Posted Dec 6, 2011 19:41 UTC (Tue) by cesarb (subscriber, #6266)
I do this all the time. For instance, I often download gcc from Fedora, instead of from the official GNU site. The same for a lot of other software.
Posted Dec 6, 2011 21:30 UTC (Tue) by job (guest, #670)
Somehow I doubt it would be worth the trouble to trojanize Linux installers on random web pages...
Posted Dec 6, 2011 22:11 UTC (Tue) by cesarb (subscriber, #6266)
Even then, some of the reasons are the same. I could get Eclipse from the official site, and even get a newer version that way, but it is still more convenient for me to get it (and almost everything else) from Fedora (or whichever Linux distribution I am using that day), and it would still be the case even without package management.
The comment below by rgmoore makes the same point I was trying to make, perhaps more eloquently.
For Windows, there is the added benefit that these large download aggregator sites are supposed to scan for malware, so it should be safer for nontechnical users than looking for the original site (yes, I am aware of the irony here). This same rationale applies to downloading Firefox extensions only from Mozilla's addons site, even when they are available elsewhere.
Re: But... Why?
Posted Dec 7, 2011 2:12 UTC (Wed) by ldo (subscriber, #40946)
For Windows, there is the added benefit that these large download aggregator sites are supposed to scan for malware, so it should be safer for nontechnical users than looking for the original site (yes, I am aware of the irony here).
The irony is that all these attempts to offer add-on security for Windows only seem to lead to more opportunities for security holes and, as in this case, downright deception by the parties supposedly providing the security.
Tell me there isnt something fundamentally wrong with Windows...
Posted Dec 7, 2011 9:48 UTC (Wed) by trasz (guest, #45786)
Posted Dec 7, 2011 21:26 UTC (Wed) by ldo (subscriber, #40946)
Not with Windows - with the users.
Youre trying to blame Windows users for what CNET is doing?
Posted Dec 8, 2011 13:29 UTC (Thu) by trasz (guest, #45786)
Posted Dec 8, 2011 17:58 UTC (Thu) by clugstj (subscriber, #4020)
Posted Dec 6, 2011 20:41 UTC (Tue) by pflugstad (subscriber, #224)
I expect this is mostly done to cut the site hosting costs for the main site.

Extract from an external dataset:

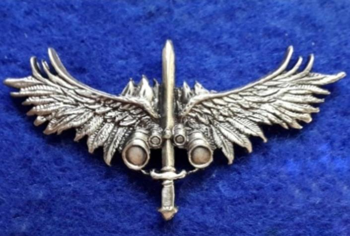 pin label of yahmam595

If everyone downloaded it directly, that's a significant bandwidth bill - but by farming it out to a number of other download sites, those sites pay for the bandwidth. This also lets the you leverage regional mirroring, again saving bandwidth costs.
So - it's a common thing.
People are aware of the issue with unofficial download site, which is why Download.com and others often advertise "trojan/spyware/crapware free" or some variation of that.
And up until recently, I've never had any trouble with these sites. I do recall the change when Download.com switched to the silly installer a few months ago (August time frame I think) - I just selected a different download mirror.

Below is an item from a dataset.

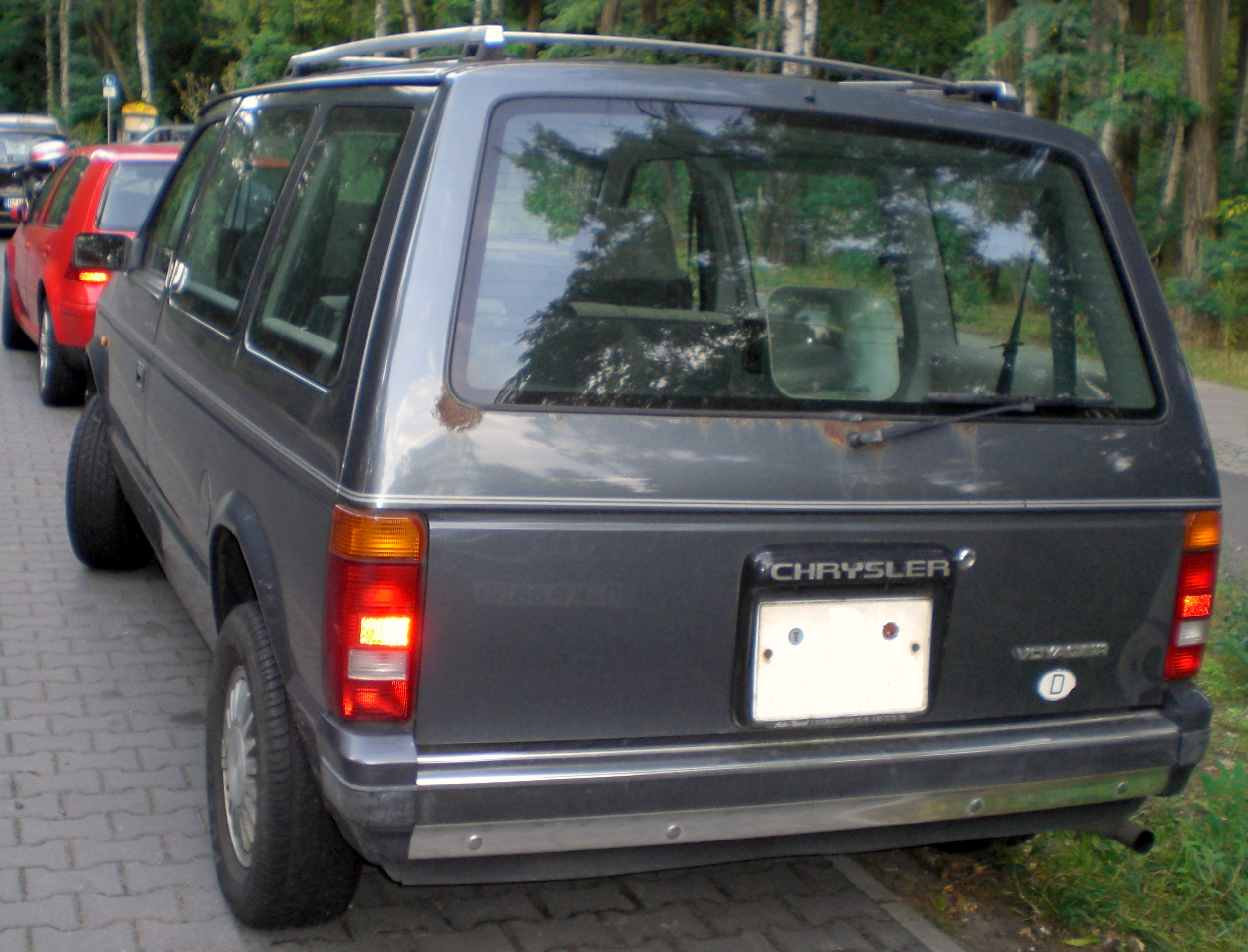 Chrysler Voyager first Generation, European Version

Download.com is now officially on my DO NOT GO THERE list...
Posted Dec 6, 2011 20:42 UTC (Tue) by ikm (subscriber, #493)
Posted Dec 6, 2011 21:32 UTC (Tue) by job (guest, #670)

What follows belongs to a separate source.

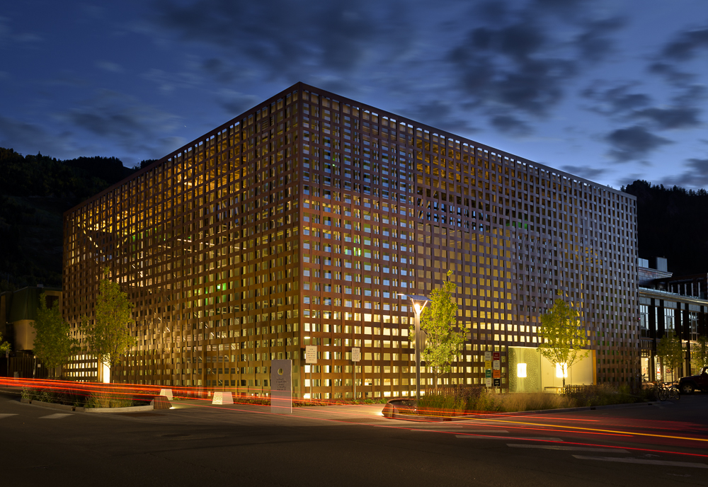 The Aspen Art Museum at dusk, September 2015.

Posted Dec 7, 2011 8:39 UTC (Wed) by eduperez (guest, #11232)
It isn't in the first page when you search for it; remember that Google tailors search results to each user.
Posted Dec 6, 2011 21:56 UTC (Tue) by rgmoore (✭ supporter ✭, #75)
Why do people download software from unofficial distribution sites, especially when the global Internet makes the official very easy to both find and reach?
I would assume it's for some of the same reasons Free Software users tend to get their software from a distribution rather than directly from upstream. If you're dealing with more than a few packages, it's a lot easier to have a single site that finds all the software you want and puts it in one big archive, rather than having to track down each upstream project individually and deal with their different packaging and downloading standards. Obviously C|Net isn't doing the same kind of QC that a good Linux distro does- including malware seems like anti-QC- but aggregating the software is a big convenience.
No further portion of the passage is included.